Goal of the exercise: Verbatim transcription with images omitted: return the entries below in full.

Dataset content:
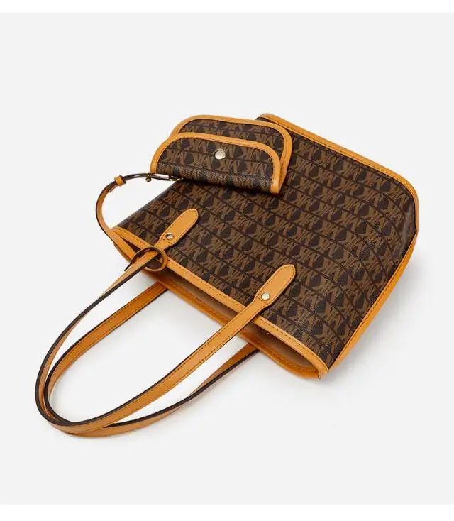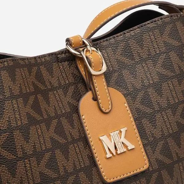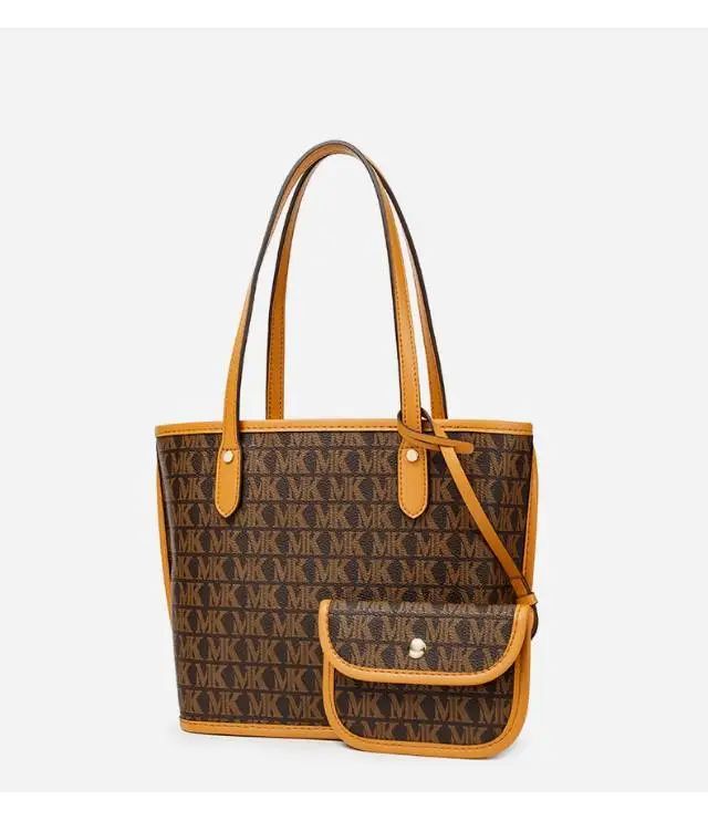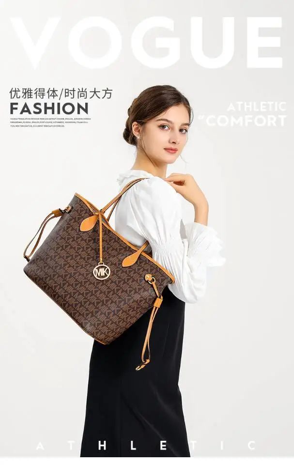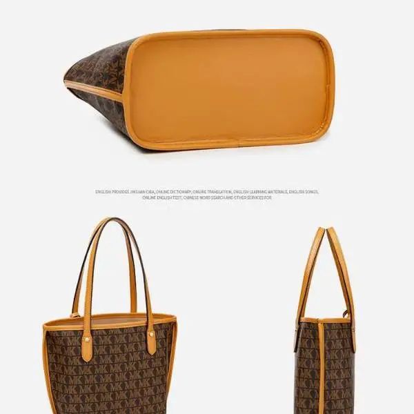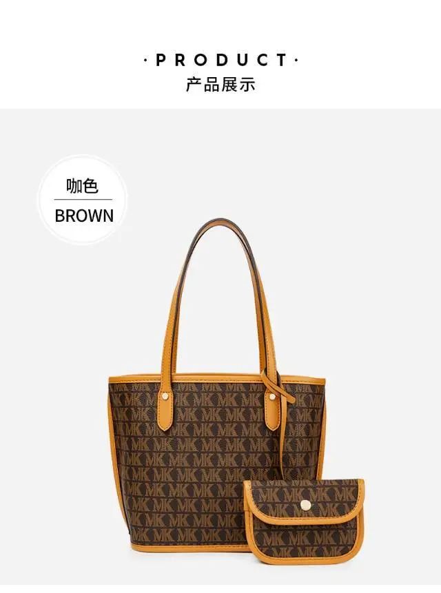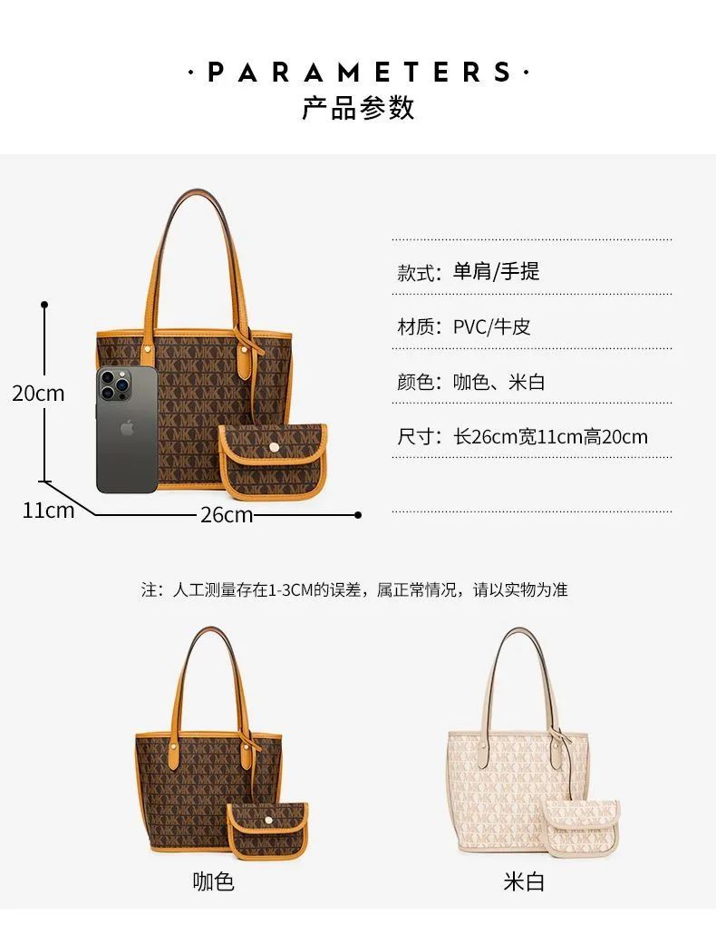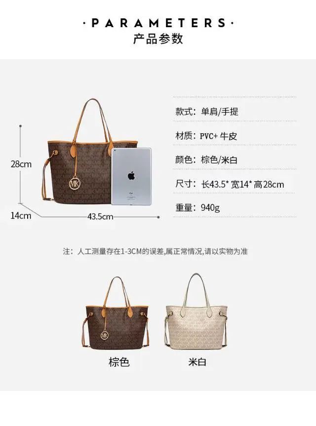推品16 【品牌】:MICARELKMOR(英国MK) 【货号】:MK8907 【品名】:大容量单肩手提包子母包 【颜色】:棕色/米白 【材质】:PVC/牛皮 【尺寸】:43.5cm*14cm*28cm 【风格】:极简,复古 【款式】:单肩包/斜跨
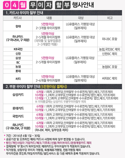 2016년 04월 카드 무이자 할부 행사안내입니다. (부분 무이자포함)
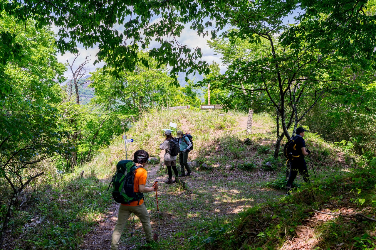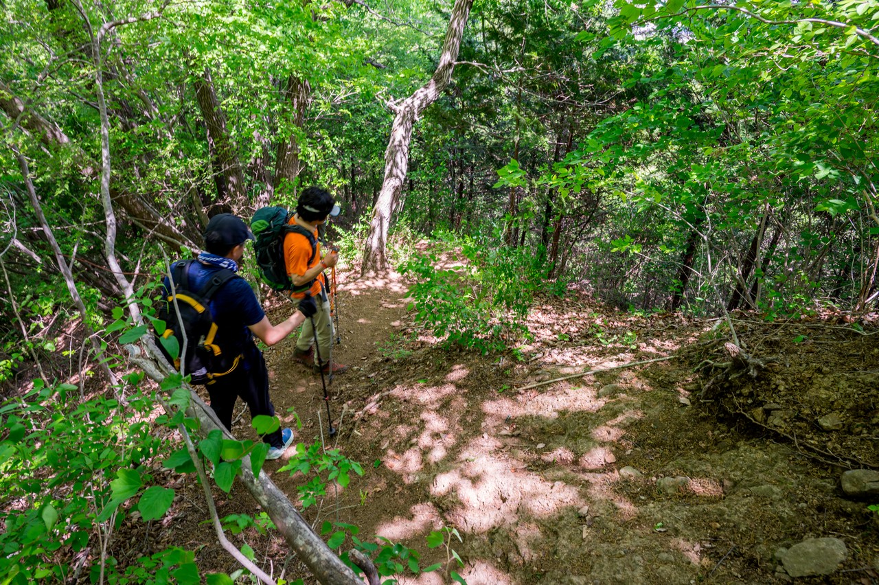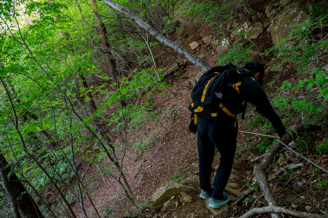 烽火台跡を過ぎると、尾根は大きく標高を落とし始めました。なかなかの急勾配なので、一歩一歩足場を確かめながら丁寧な下山を心がけましょう。
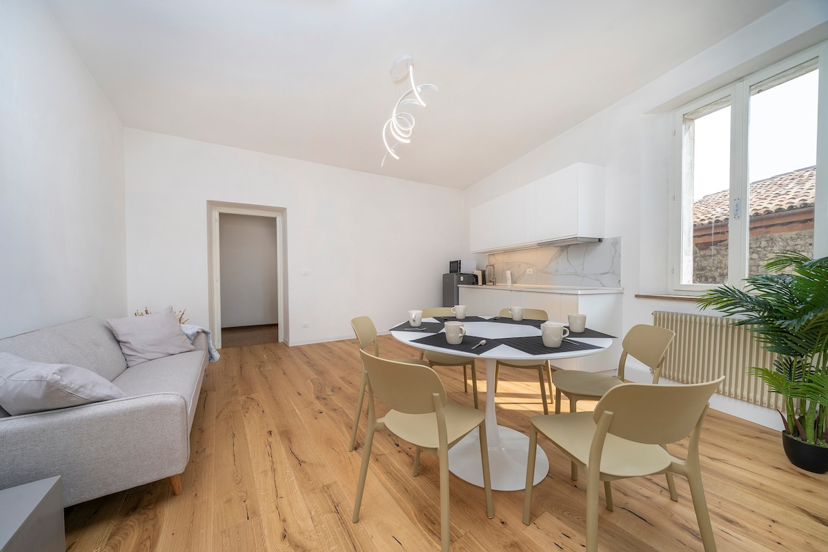 Elukoht prestiižse hoone esimesel korrusel, mis asub „Saatana silla“ sissepääsu juures, maalilisest vaatenurgast ainulaadses kohas. See on sisustatud kaasaegsete ja klassikaliste elementide, Murano klaasist lühtrite ning oliivi- ja marmorpõrandatega, mis on jaotatud üle 120 m2, 40 m2 terrassiga, kust avaneb vaade Natisone jõele ja kust avaneb hindamatu vaade Cividale 'ile. Naudi selles kesklinna majutuskohas eksklusiivset puhkust.
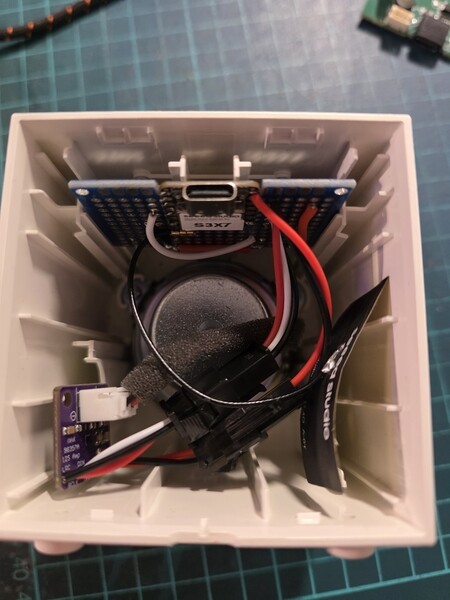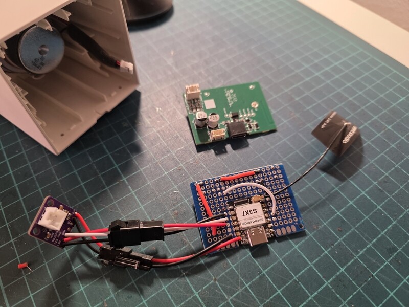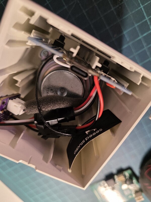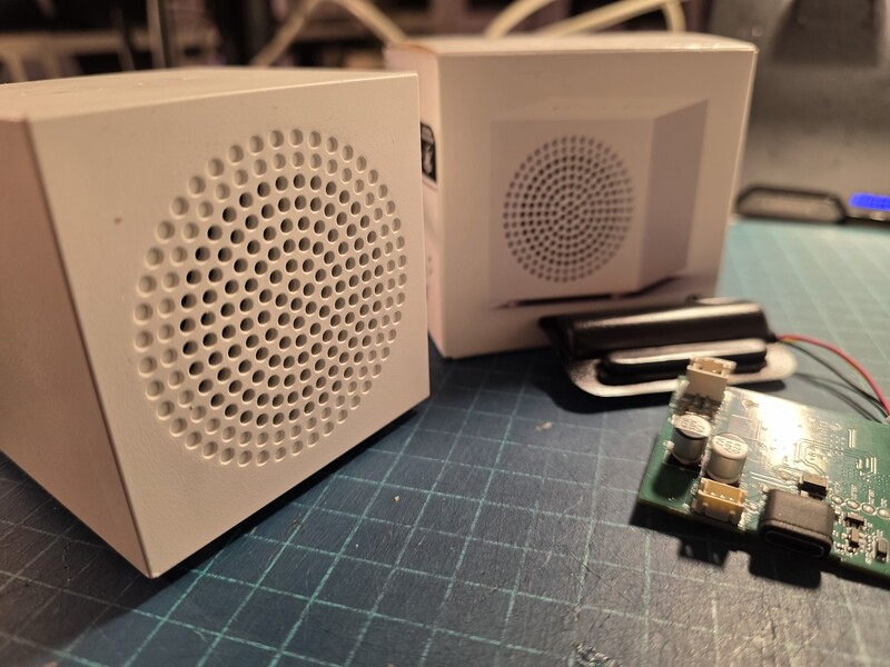 Replacement board, consisting of a XIAO ESP32-S3 and a MAX98357A DAC.

Response box:
推品16 【品牌】:MICARELKMOR(英国MK) 【货号】:MK8907 【品名】:大容量单肩手提包子母包 【颜色】:棕色/米白 【材质】:PVC/牛皮 【尺寸】:43.5cm*14cm*28cm 【风格】:极简,复古 【款式】:单肩包/斜跨
 2016년 04월 카드 무이자 할부 행사안내입니다. (부분 무이자포함)
 烽火台跡を過ぎると、尾根は大きく標高を落とし始めました。なかなかの急勾配なので、一歩一歩足場を確かめながら丁寧な下山を心がけましょう。
 Elukoht prestiižse hoone esimesel korrusel, mis asub „Saatana silla“ sissepääsu juures, maalilisest vaatenurgast ainulaadses kohas. See on sisustatud kaasaegsete ja klassikaliste elementide, Murano klaasist lühtrite ning oliivi- ja marmorpõrandatega, mis on jaotatud üle 120 m2, 40 m2 terrassiga, kust avaneb vaade Natisone jõele ja kust avaneb hindamatu vaade Cividale 'ile. Naudi selles kesklinna majutuskohas eksklusiivset puhkust.
 Replacement board, consisting of a XIAO ESP32-S3 and a MAX98357A DAC.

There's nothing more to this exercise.